光敏色素信号转导 - 蓝色吸收蓝藻光敏色素

• 批准号: 8168966
• 负责人: R VIERSTRA
• 金额: $ 4.77万
• 依托单位: UNIVERSITY OF WISCONSIN-MADISON
• 依托单位国家: 美国
• 财政年份: 2010
• 资助国家: 美国
• 起止时间: 2010-03-01 至 2011-02-28
• 项目状态: 已结题
• 来源: https://reporter.nih.gov/project-details/8168966
• 关键词: Bacteria; Bilin; Binding; Biochemical; Collection; Computer Retrieval of Information on Scientific Projects Database; Cyanobacterium; Cysteine; Funding; Genomics; Grant; Heme; Housing; Institution; Label; Methyl Green; Modeling; Mutagenesis; NMR Spectroscopy; Nitrogen; Photoreceptors; Phytochrome; Plants; Process; Property; Proteins; Research; Research Personnel; Resources; Signal Transduction; Source; Structure; System; Techniques; Tetrapyrroles; United States National Institutes of Health; adduct; chromophore; cysteinylcysteine; phycobilin; polypeptide

This subproject is one of many research subprojects utilizing the resources provided by a Center grant funded by NIH/NCRR. The subproject and investigator (PI) may have received primary funding from another NIH source, and thus could be represented in other CRISP entries.
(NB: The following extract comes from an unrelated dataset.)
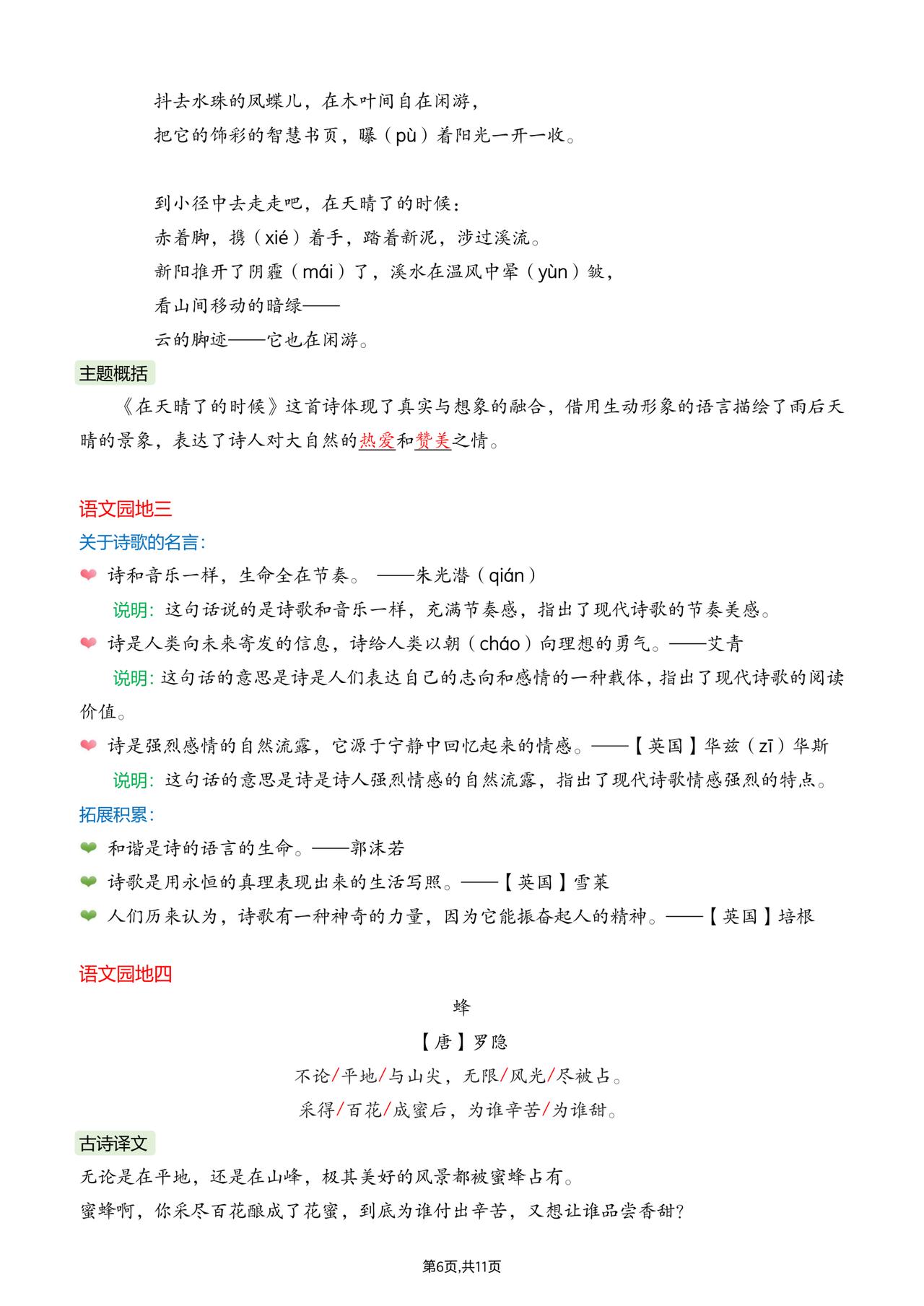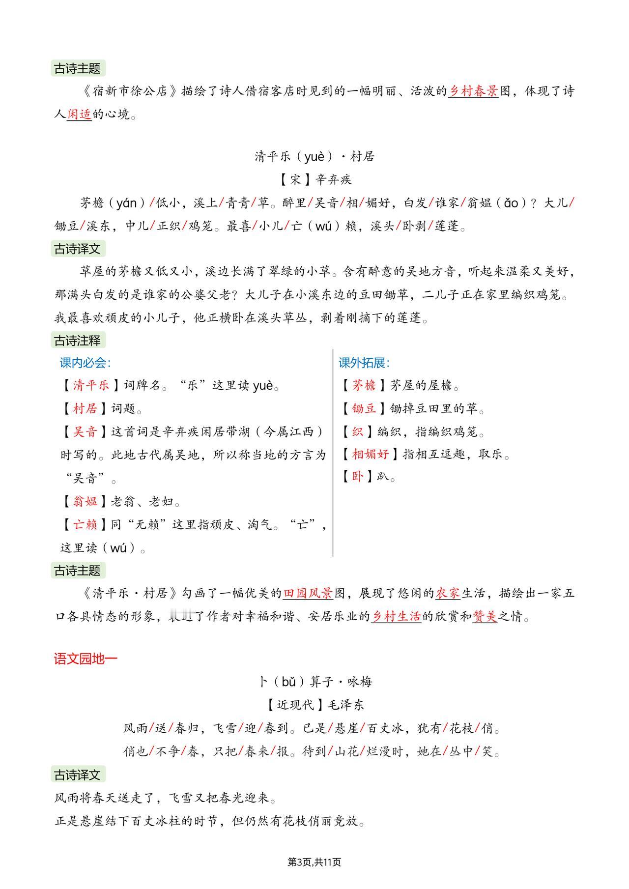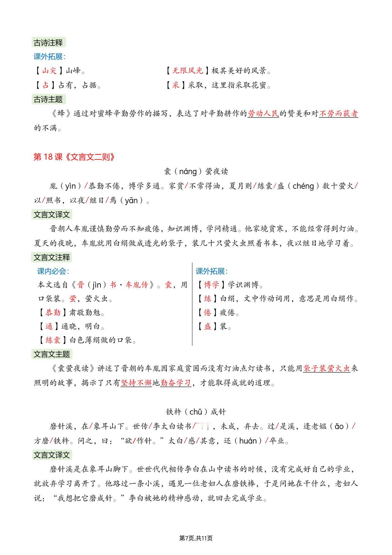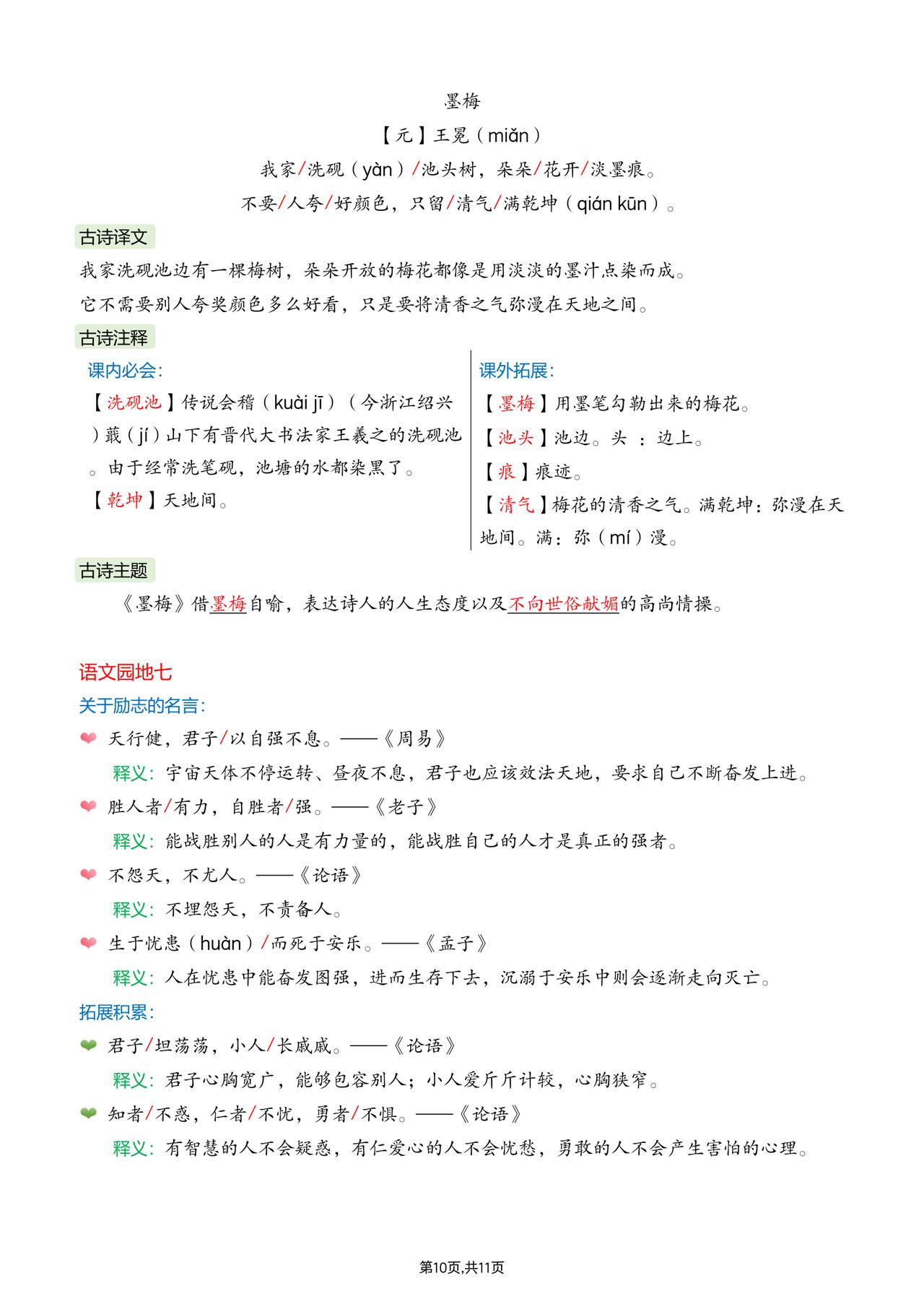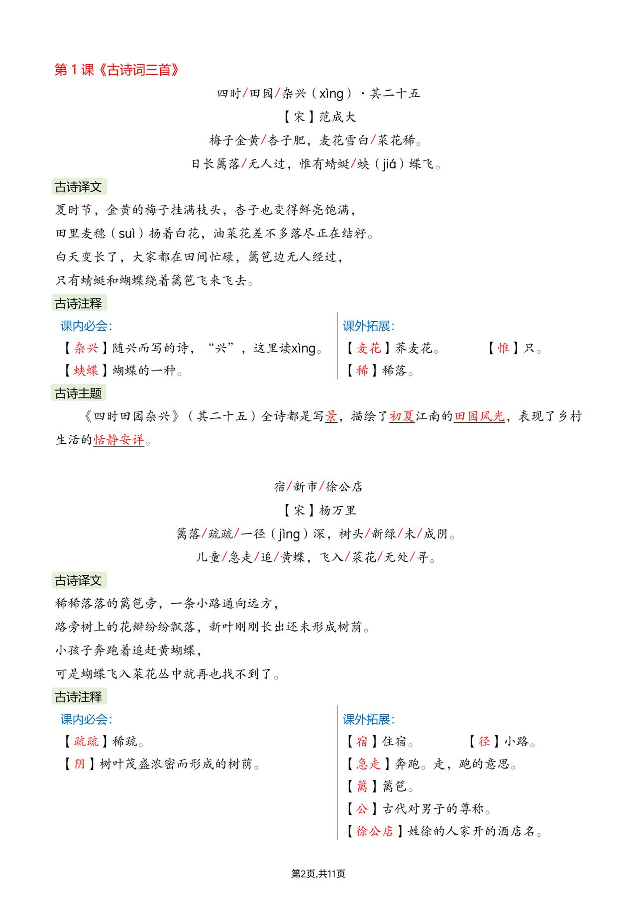 26春四年级下册语文,课文必背内容汇总(11页),收藏备用

The institution listed is for the Center, which is not necessarily the institution for the investigator. Phytochromes (Phys) are a diverse collection of photoreceptors that regulate an array of important processes in plants and bacteria by binding heme-derived linear tetrapyrroles to become photochromic. The canonical Phys consist of two spectral states, a red-absorbing ground state (Pr) and a far red-absorbing excited state (Pfr). Recent genomic and biochemical analyses have revealed a divergent subset of Phy-like blue-green photochromic proteins unique to cyanobacteria, the cyanobacteriochromes (Cbcs). Unlike canonical red-absorbing cyanobacterial Phys, which rely on a single cysteine for attachment of the phycocyanobilin (PCB) chromophore, Cbcs rely on a second conserved cysteine that enables their hallmark blue-green (Pb-Pg) photoreversible properties, presumably by shortening the p conjugation system of PCB. Using the photochromic GAF domain chromopeptide from Thermosynechococcus elongatus BP-1 protein tll0569 (TePixJ-GAF) as a model Cbc, we demonstrated by mutagenesis that the second Cys (Cys-494) indeed forms a covalent linkage to the bilin. Absorbance, IR, NMR, and RR spectroscopic techniques show that the additional Cys494-PCB adduct most likely occurs at the tetrapyrrole A-B methine bridge, yielding a more de-conjugated phycoviolobilin-like tetrapyrrole. This linkage remains intact throughout the photocycle, with all four PCB nitrogens being protonated in both Pb and Pg states. NMR spectroscopy with uniformly isotopically-labeled 15N-TePixJ-GAF polypeptide revealed that Pb and Pg states may be maintained as two entirely distinct structures without evidence of dark reversion nor cross contamination. We will attempt structure determination of the TePixJ-GAF domain which houses the chromophore. The construct photoconverts and is only ~20 kDa; we would like to also determine its Pb andf Pg forms upon blue/green light exposure.

这个子项目是许多研究子项目中的一个 由NIH/NCRR资助的中心赠款提供的资源。子项目和 研究者（PI）可能从另一个NIH来源获得了主要资金， 因此可以在其他CRISP条目中表示。所列机构为 研究中心，而研究中心不一定是研究者所在的机构。 光敏色素（Phytochromes，Phys）是一类光感受器，通过与血红素衍生的线性四吡咯结合而产生光致变色，从而调节植物和细菌中的一系列重要过程。 正则Phys由两个光谱态组成，一个吸收红光的基态（Pr）和一个吸收远红光的激发态（Pfr）。 最近的基因组和生物化学分析揭示了一个不同的子集的Phy样蓝绿色光致变色蛋白独特的蓝藻，蓝藻色素（Cbcs）。 与典型的红色吸收蓝藻Phys不同，其依赖于单个半胱氨酸来附着藻蓝胆素（PCB）发色团，Cbcs依赖于第二个保守的半胱氨酸，这使得其标志性的蓝绿色（Pb-Pg）光可逆特性，可能是通过缩短PCB的p共轭系统。 使用来自细长热聚球藻BP-1蛋白tll 0569（TePixJ-GAF）的光致变色GAF结构域色肽作为Cbc模型，我们通过诱变证明第二个Cys（Cys-494）确实与胆色素形成共价键。 吸光度，IR，NMR和RR光谱技术表明，额外的Cys 494-PCB加合物最有可能发生在四吡咯A-B次甲基桥，产生更去共轭藻紫胆素样四吡咯。 这种联系在整个光循环中保持完整，所有四个PCB氮在Pb和Pg状态下都被质子化。 用均匀同位素标记的15 N-TePixJ-GAF多肽的NMR光谱显示，Pb和Pg状态可以保持为两种完全不同的结构，而没有暗回复或交叉污染的证据。我们将尝试结构测定的TePixJ-GAF结构域的房屋发色团。该构建体光转换并且仅为~20 kDa;我们还想确定其在蓝/绿色光暴露后的Pb和f Pg形式。